L’endométriose est une pathologie épuisante aussi bien physiquement que mentalement.
Pratiquer de la relaxation, de la méditation, du yoga, de l’auto-massage… mais aussi s’accorder du repos, de la lecture, de l’écriture…

Pratiquez une activité physique régulière

Face aux douleurs que provoquent les lésions d’endométriose, beaucoup de femmes boudent le sport, par crainte de souffrir davantage. Pourtant, la pratique d’une activité physique modérée aide à mieux supporter la douleur.

La pratique sportive a donc de multiples bénéfices sur la santé physique d’une femme atteinte d’endométriose, sans parler de la satisfaction psychologique qu’elle entraîne.

Cependant, lorsque les troubles liés à l’endométriose sont particulièrement forts, il faut savoir adapter son plan d’entraînement à ses symptômes.
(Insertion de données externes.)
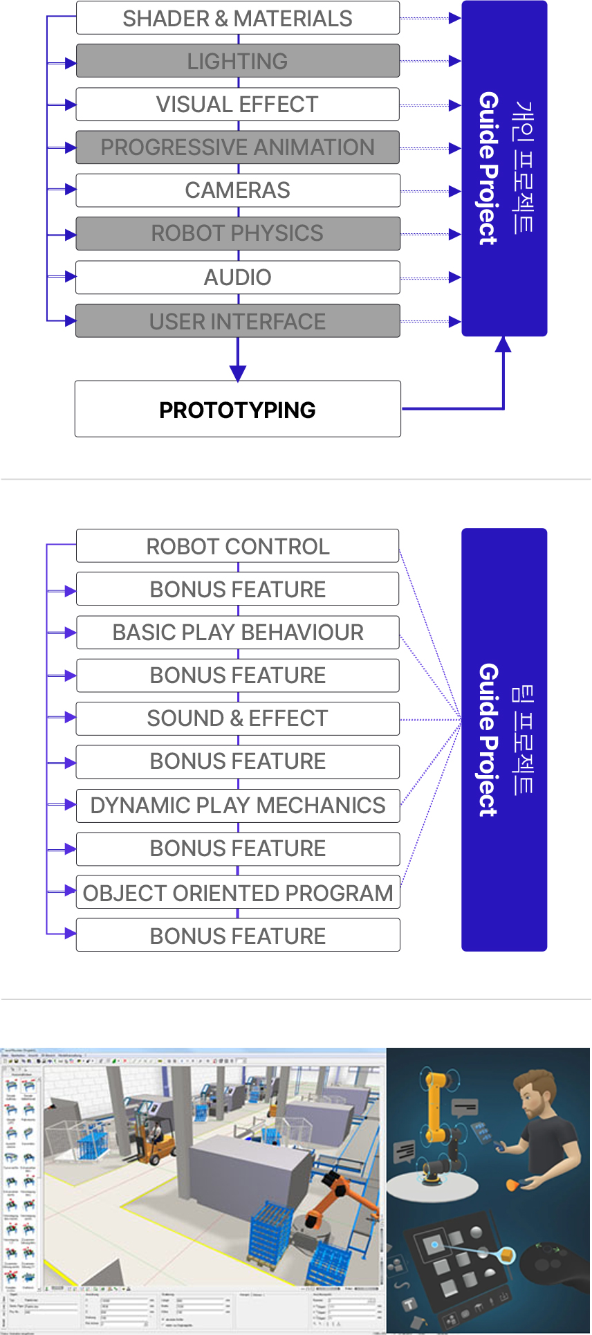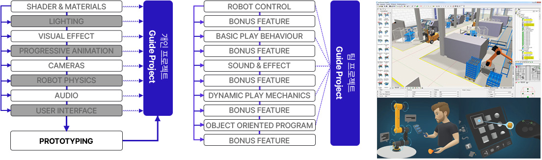 5명의 프로젝트 팀을 구성 참여기업과 협업하여 진행- 공통 주제 Virtual Factory Environment 구축

Selon la localisation des foyers dans le corps, il se peut que seuls des exercices des bras et des épaules soient possibles ou même qu’il ne faille pratiquer aucune activité. Dans ce cas, et même si l’exercice procure un grand plaisir, il faut être raisonnable et cesser toute activité physique jusqu’à ce que les troubles aient disparu.

Les bienfaits de la cure thermale

La cure thermale ayant une orientation « gynécologie » vient comme un traitement naturel et global de la maladie.

Les eaux utilisées lors de cure thermale, par leurs compositions riches en soufre, en sodium et en bicarbonate, ont une action antalgique puissante, une action cicatrisante et antispasmodiques sur les muqueuses génitales.

Différents soins peuvent être prescrits lors de la cure :

  • Bain avec irrigation vaginale, afin d’appliquer l’eau thermale en grande quantité directement sur les muqueuses.
  • Compresse décongestionnante.
  • Douche au jet.
  • Piscine de mobilisation.
  • Columnisation, c’est une application intra-vaginale de mèches imbibées d’eau thermale.

LES MÉDECINES DOUCES CONTRE L’ENDOMÉTRIOSE

Il existe de nombreuses techniques pour aider les femmes souffrant d’endométriose :
L’ostéopathie, l’acupuncture, le yoga, le qi gong, le Tai chi, la méditation, les techniques de relaxation (sophrologie…) et bien sur la naturopathie qui grâce à de nombreuses méthodes pourra également aider à soulager.